If it is used as a coping mechanism, this can be okay in moderation. However, like most coping mechanisms there is a tendency to escalation and requiring more and more of the “drug” for the same effect.

Also, it can be tied into psychological needs. Sometimes it is tied into an experience of an “inner woman” which some people who experience this phenomena have. Jack Molay writes about this here and here.

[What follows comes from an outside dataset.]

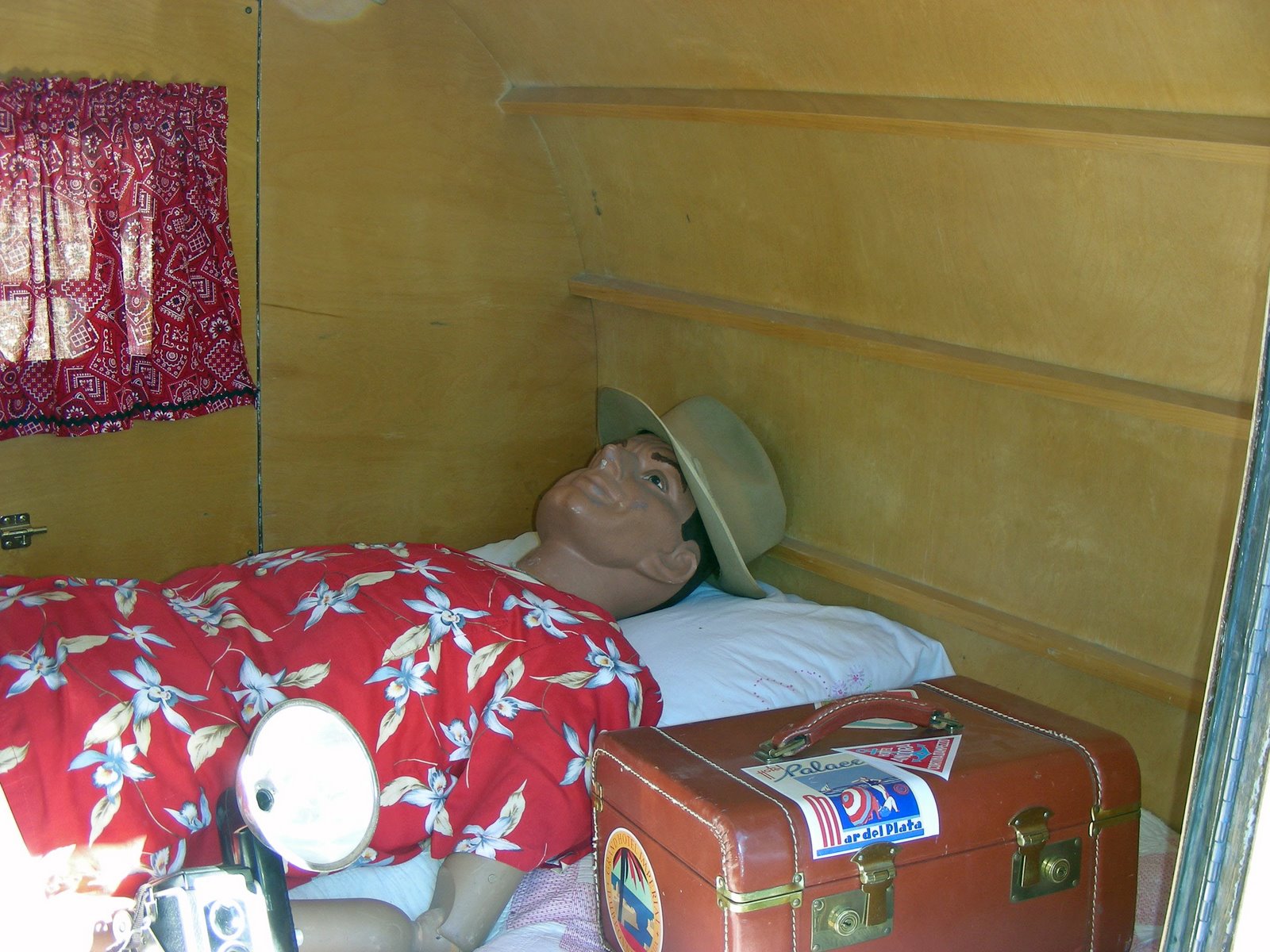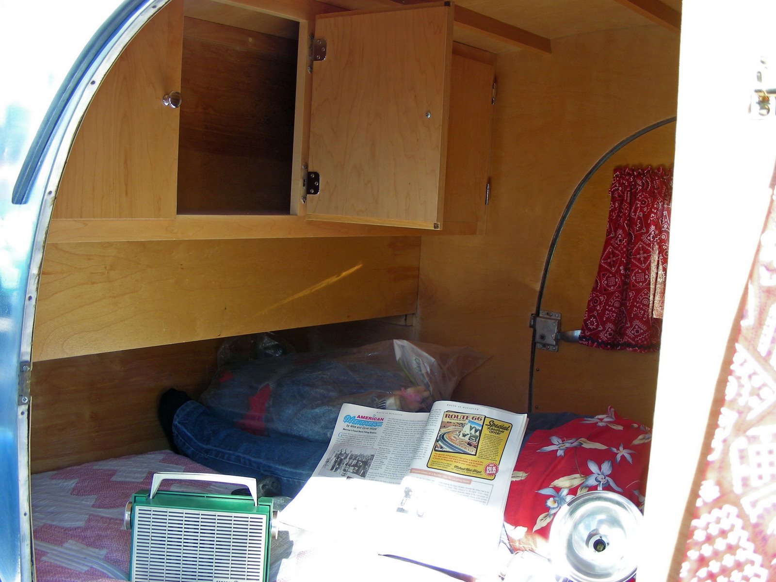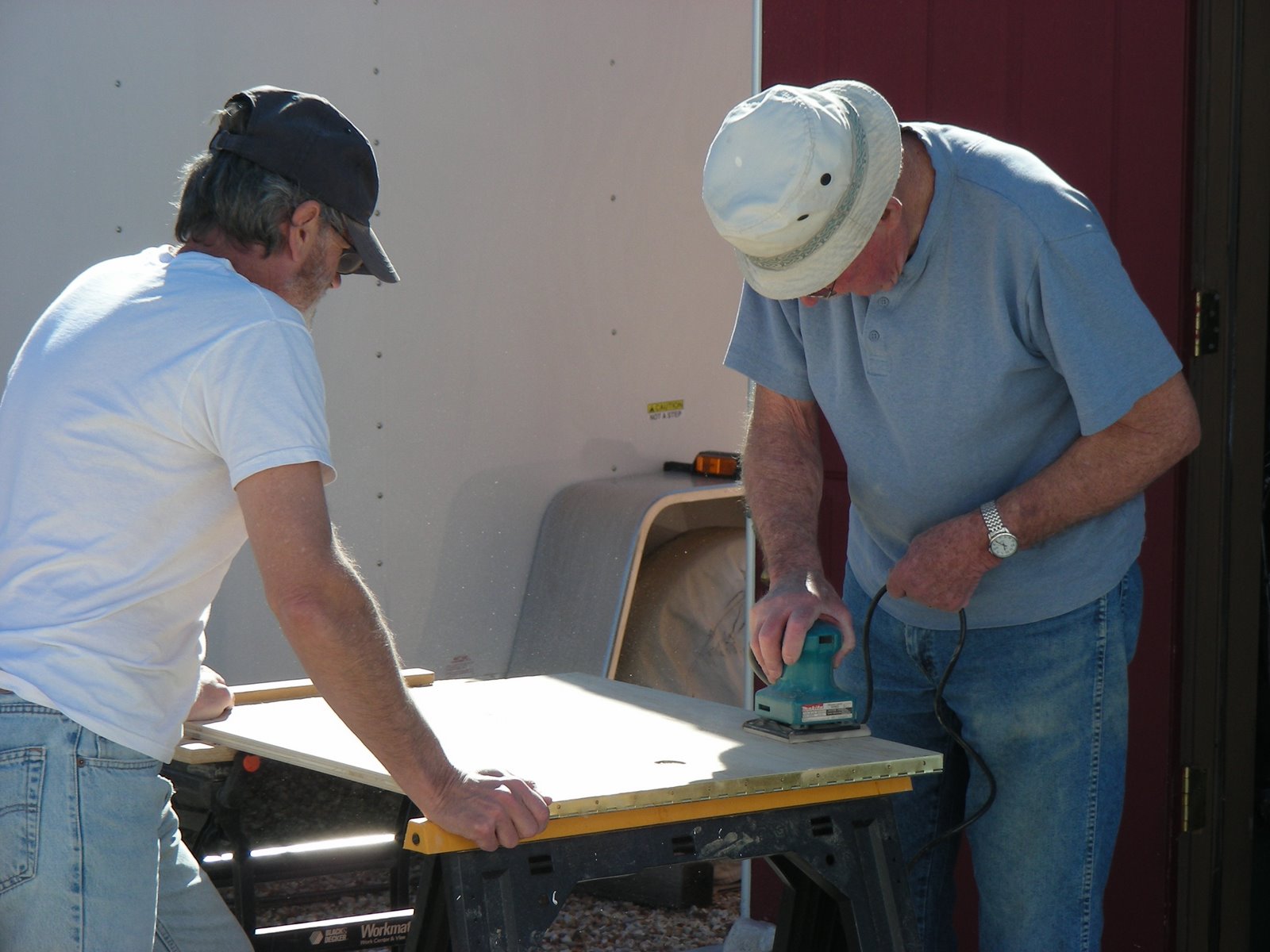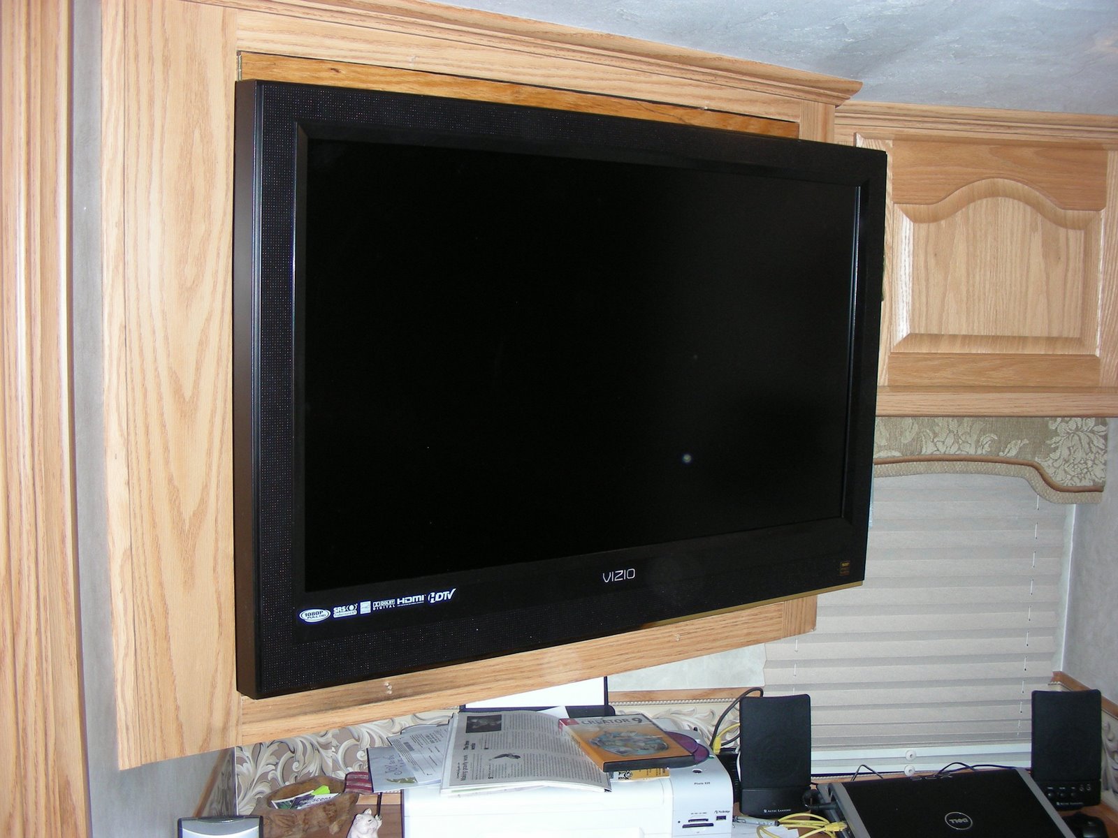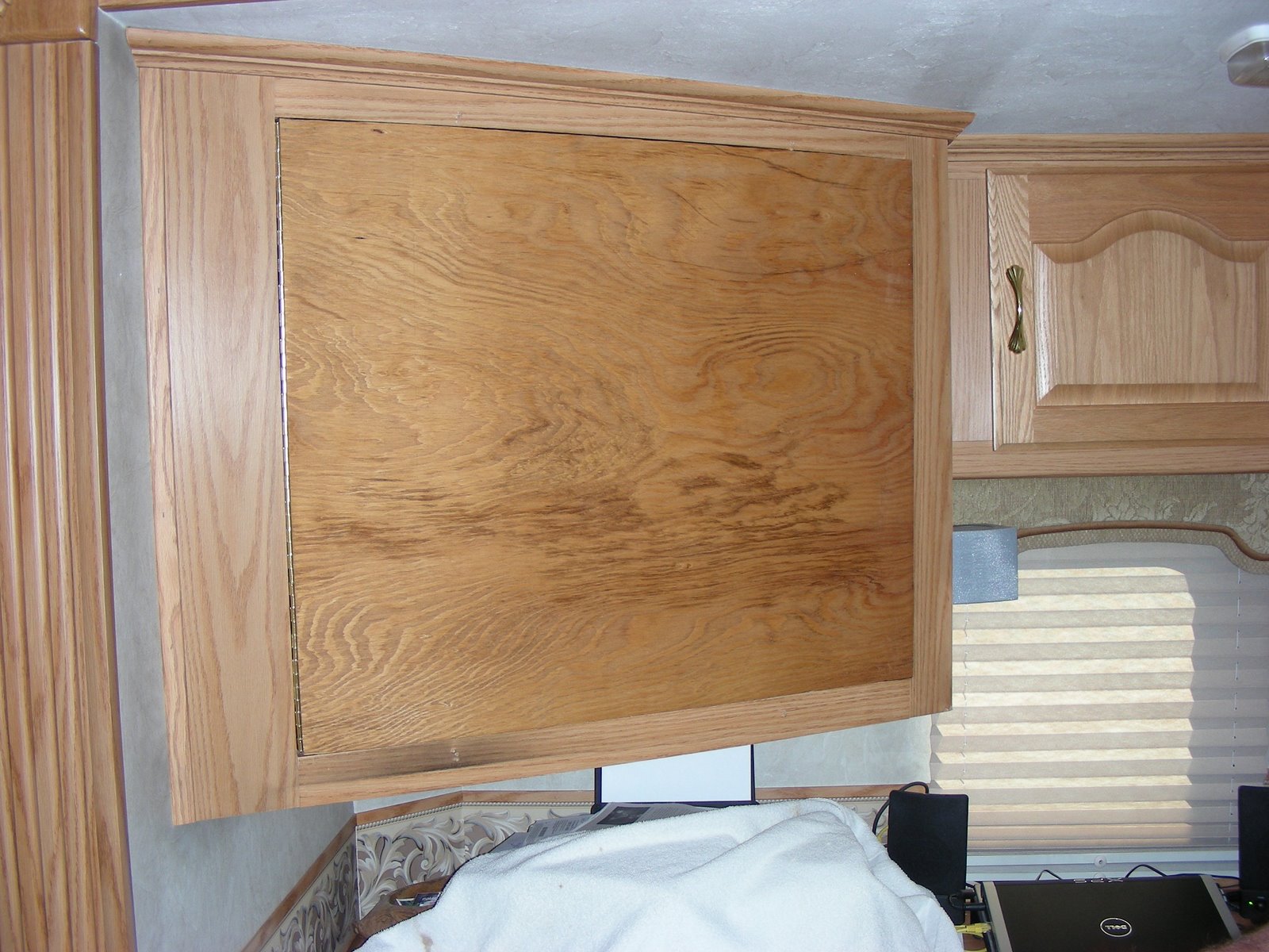 We had to get a new TV before the DTV dead line. I know, we did not really have to get one, we just wanted one. A couple of reasons we went with a new TV, first the old one weighed a ton, and second we wanted to make another place for Norm to put stuff (hopefully not shoes). Again, this is another project that I would have liked to have been my idea, but of course it is not. I first read about this in Trailer Life magazine, small article with not much detail. There is a NuWA owners web site that I frequent to check on what other RVer’s have go wrong with their Hitch-Hiker model. A fellow 29.5 owner published a very nice article complete with photo’s and details on up grading to a flat screen television and gaining some much needed cubbie space. After cutting three doors from a sheet of plywood and only needing one, we finally start work on this one. We have the hinge installed and my Father-in-law is doing a final sanding before applying some stain. I look like I am over seeing the operation, but I am just holding the door. The project went fairly smooth compared to most of my adventures of this type and we got a sweet deal on the TV from our number one salesman at Dell.com, our son. After some pushing and shoving, some grumbling, and someone (Norm) saying it was crooked, things turned out very well. The presentation is a huge difference from our old heavy weight model.

I think Jung’s writings on the anima are very relevant here. Jung described working with the anima as important to the psychological growth as those qualities can be integrated and produce growth. The anima can be an important guide. However, Jung simultaneously warns about the phenomena of “anima possession” where a man can become taken over by the inner woman. It was actually reading Jung and his phenomena of anima possession which first knocked loose my transgender identification.

In summary, a “fetish” or cross-dreaming are not lesser states to transgender identity. This idea can lead to preferring transgender identity which could potentially be far more disruptive to one’s life. Also, shame over sexual motivations can specifically lead to the preference for a transgender identity over other possible outcomes. This is a place where trans critics sometimes go wrong, by specifically shaming the sexual aspects of trans identity, they may be creating more of the very phenomena they oppose.

For some more related reading I recommend this essay by Ozy “Trans as Choice” and this essay by Angus Grieve-Smith “On the Slippery Slope”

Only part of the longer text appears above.